November 25th

He dragged the whetstone along his blade, the slow rasp sounding unnaturally loud in the aftermath of the battle. Most of the nearby soldiers he judged to be but recently conscripted; they stood or sat quietly and barely moved at all. Shock. He had seen it before. He had experienced it himself, the first time he went to war. He’d set out in mis-matched armour and carrying a halberd he barely knew how to use, full of enthusiasm and determination. The noise and sights of that first battle had wrung that from him, leaving him with the same hollow, unthinking stare these men wore. From their age, he could tell they were the Duke of Coran’s men; it had been a long time since war had reached that far east, and so these men had made it past several decades without witnessing the horrors of the morning gone.

If he recalled the battle order correctly, that put him just a short way from where he was headed. He rose to his feet and sheathed his blade, wincing at the twin spikes of pain that drove through his knees. He wasn’t sure how many years still stretched ahead of him, but there were undoubtedly fewer than lay behind him. Still, by his reckoning it should only take a few more jobs before he could hang up his swordbelt for good.

He headed east, unsurprised by the orderliness of picket lines and encampments he passed. The general in charge of this force was a superior tactician to his employer. Were it otherwise his services wouldn’t be needed. The knapsack he carried thumped gently against his back. The straps had come loose in the furor of battle. Not a concern, this close to his goal. Now came the tricky part of his mission. He uncinched his swordbelt and wrapped it round the blade, then bent beside a cart and wedged it up beneath the bed. Willingly disarming in the middle of the enemy’s camp wasn’t the typical behaviour one might expect from an assassin, but murder wasn’t on his agenda today. It took very little time to locate the baggage train, wagons and carts of supplies strewn throughout the small woods. His age worked in his favour here, just a grizzled old man no longer fit for battle, consigned to the baggage train.

He whistled quietly as he started to work through the the carts, rummaging through crates and baskets. His search yielded results, and with half a dozen small wooden bowls and a jug of vinegar added to his pack, he moved on.

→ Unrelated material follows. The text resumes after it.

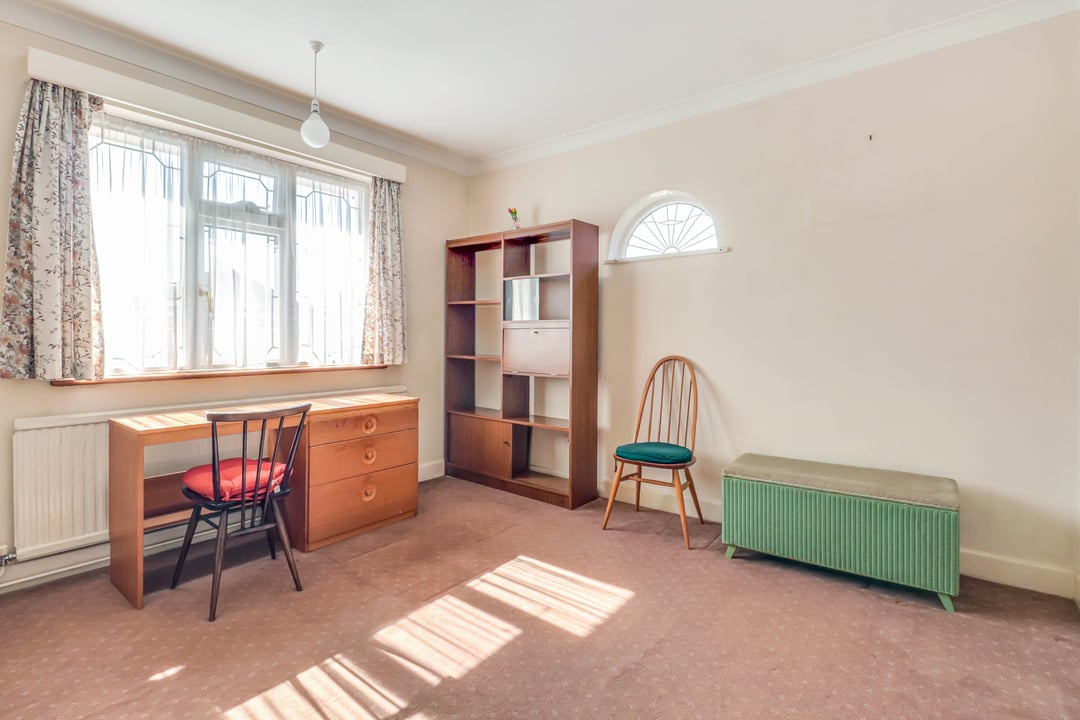 A dual aspect room with a double glazed window to the front and a feature stained glass window to the side.

This enemy general didn’t have his tent set up separately from his troops. By appearing to be down amongst his men, one of them, he garnered more respect. Even the assassin’s employer’s troops spoke with begrudging respect of the man. This made the assassin’s job easier to get in close. He moved through the camp, weaving through tents and getting the lay of the land fixed in his mind. He couldn’t help smirking cynically; the general might want to appear to be “one of the common folk” but his tent was fully five times the size of a common soldier and there were guards discreetly posted around it. They certainly looked like normal soldiers, but they had better quality equipment than a normal footsoldier and their stance and glade betrayed their purpose.

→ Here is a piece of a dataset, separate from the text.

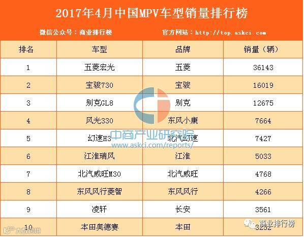 在MPV市场中,4月销量排名前十的车型依次为五菱宏光、宝骏730、别克GL8、风光330、幻速H3、江淮瑞风、北汽威旺M30、东风风行菱智、凌轩以及本田奥德赛。其中,排名第一的车型为五菱宏光,销量达36143辆。在上述这十款车型中,自主品牌车型占比过半。其中,五菱宏光是唯一一款销量超过3万辆的车型。

The assassin moved into a seemingly random tent and pulled back the tarp on the ground. He dug a small hole and laid one of the bowls in it, then filled it halfway with vinegar. And then from his backpack he pulled a small sack. Inside were seven azure crystals the size of his fist. He placed one in the bowl, where it began to glow. He pushed the tarp back, satisfied that the glow was concealed. Five times more, five more bowls and crystals placed. The light was failing; working his way around the sentries was time consuming and weary, bloodied soldiers were returning, crawling into their bedrolls. With every passing moment, discovery became a real danger. He pulled back the final tentflap and bit back a curse. The bedroll was occupied, a soldier snoring softly. He moved quietly, gently, until he was crouched over the snoring man. He lunged, hands wrapping about his victim’s throat and throwing all his weight into it, crushing and silencing the man with a calm brutality. It took mere seconds until the gargled last breath escaped. He continued with his purpose, preparing the final bowl. Task complete, all that was left was for him to retrieve his sword and leave. Rather than beat a retreat immediately, once he reclaimed his sword he clambered atop a cart. From his elevated perch he had a clear view of the general’s tent, and waited, curious to see what would happen.

As dawn broke, horns sounded to rouse the troops and signal preparations for the day’s battle. From seven points spread throughout the camp, columns of azure light shot up to the sky. A glow spread between them, bathing the general’s tent in blue light.

The assassin squinted against the glow, and was perhaps one of the few people to see the general’s tent and a dozen close to it blink out of existence.

From far across the battlefield there was a brief, blinking blue light. Given the hue and cry being raised, the assassin doubted anybody else had noticed. The mage’s rigual had worked. Granted, only the general should have been teleported away but if his employer’s troops couldn’t handle a dozen disoriented men, then this war had been even more one-sided than it at first appeared.

Content his job had been done, the assassin climbed down and started to make his way out of the camp. It was possible this conflict was done, now the master tactician had been captured. It didn’t matter of course. There was always another war brewing among these small countries, another payday round the corner.